The row key and column name should be short, since they are stored with every cell in the row. It is better to have one column family, only introducing more column families in the case where data access is usually column scoped. The number of columns should be limited. A number in the hundreds is likely to lead to good performance. The amount of data in one row should be kept relatively small. The cost (in time) of retrieving a row has n data increases more than twice with n [12]. The row key should be designed to support pruning of unrelated data easily. When the third dimension is used for storing other information rather than time-to-live values, it is preferable to keep it shallow, and be limited to containing up to no more than hundreds of data points, as deep stacks lead to poor insertion performance. The Bloom Filter [10] should be configured as it can accelerate the performance by pruning the data from both row and column sides. Compression can improve the performance by reducing the amount of data transmission.
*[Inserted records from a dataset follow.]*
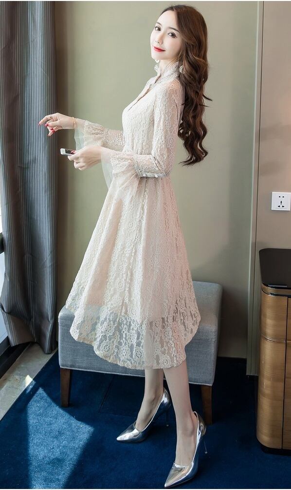 刺繍総レ-スフェミニンなデザインの膝丈ワンピ-スです。スリムに見えるデザインで大人の女性を醸し出してくれる一着です。裏地あり。前ボタン有。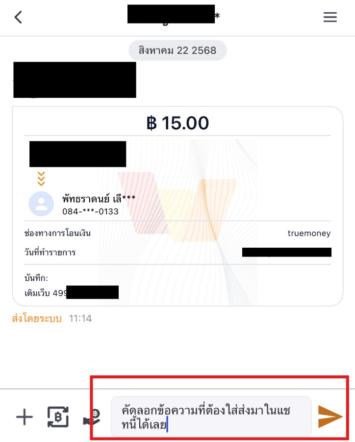- หาแชทที่โอนเงินให้กับทางร้าน และ ส่งข้อความที่ต้องใส่ทั้งหมด เข้ามา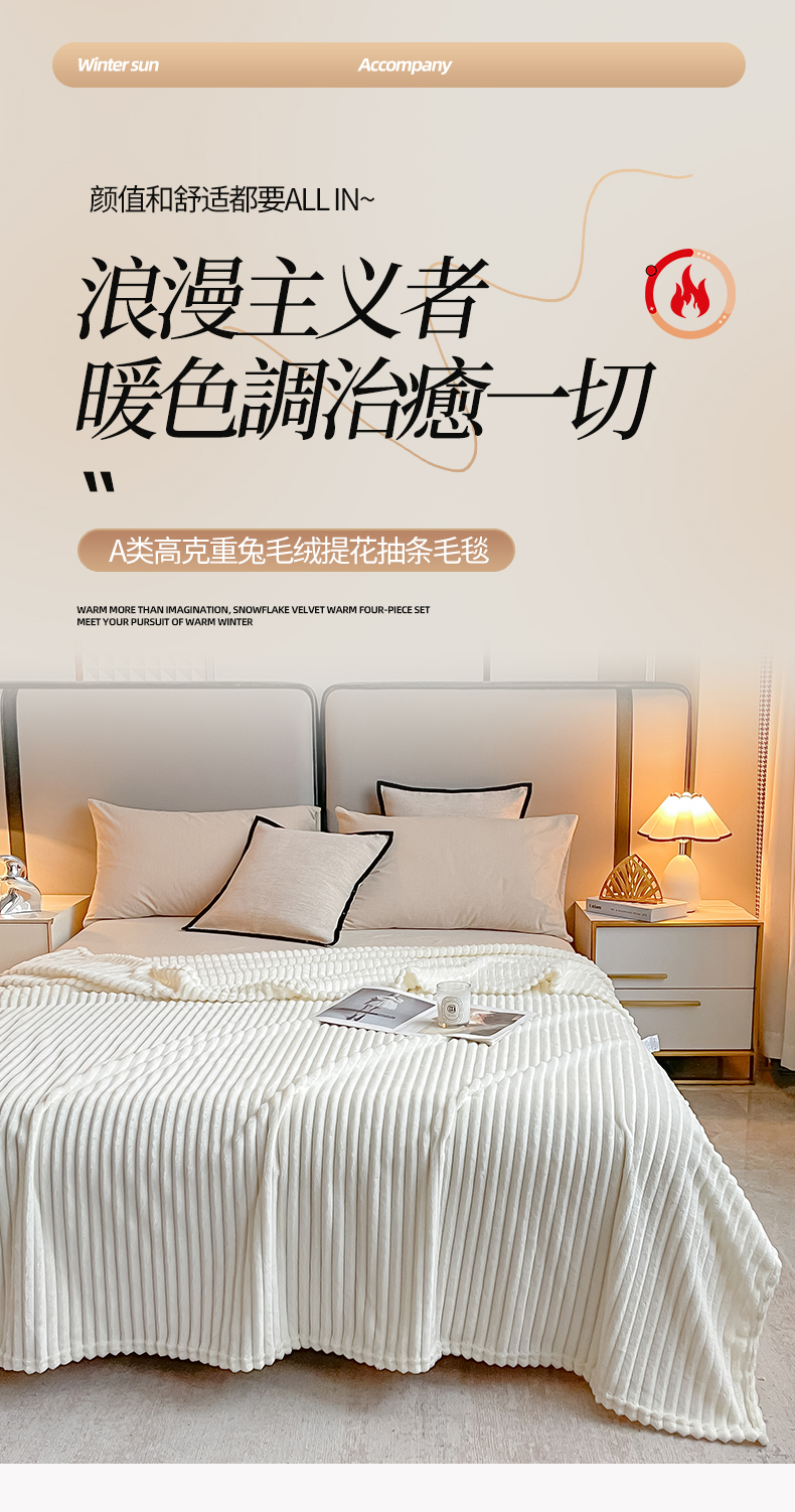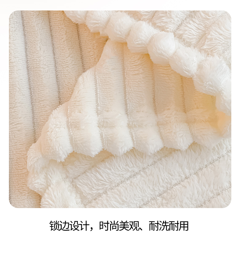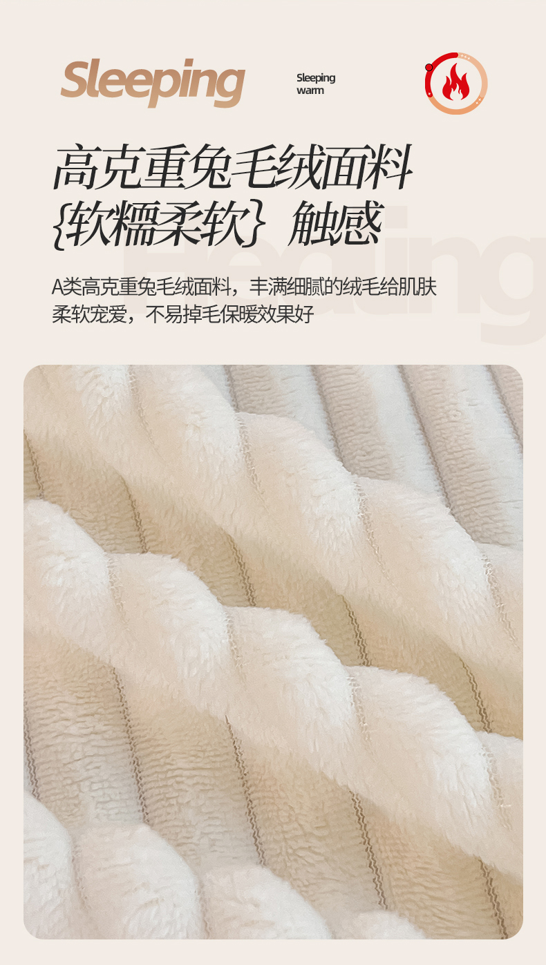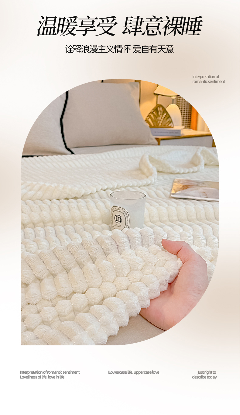商品名称:一帆毯业 2024新款抽条压缩代发抽空跨境外贸260克兔毛珊瑚法兰绒空调毯子抽条毛毯简约牛奶绒盖毯 奶昔白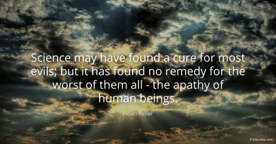 Keller, Helen. (2026, January 18). Science may have found a cure for most evils; but it has found no remedy for the worst of them all - the apathy of human beings. FixQuotes. https://fixquotes.com/quotes/science-may-have-found-a-cure-for-most-evils-but-14115/

Scan operations are preferable to Get operations for retrieving discontinuous keys, even though the Scan result is bound to also include data points that are not part of the response data set. It is more efficient to Get one row with n data points than n rows with one data point each [12]. It is advisable to narrow the range of queried columns with the Filter mechanism. The number of rows to be scanned for a query should not exceed the scan cache size, which depends on client and server memory. Otherwise, it is better to split the query into several sub-queries. When there are too many unrelated rows within the defined scan range, splitting one query into multiple sub-queries with multiple Scan operations is more efficient than one query with Filter mechanism to retrieve rows one by one. The Scan operation is preferable for small queries, while Coprocessor should be used for large queries.
Can be flexibly configured and extended 1) The quad-tree index can be replaced by the hash code of each sub-space 2) The point-based quad-tree index method is employed. 3) The granularity in the second stage can be varied from sub-space to sub-space based on the various densities. Therefore, HGrid is more scalable and suitable for both homogeneously covered and discontinuous spaces.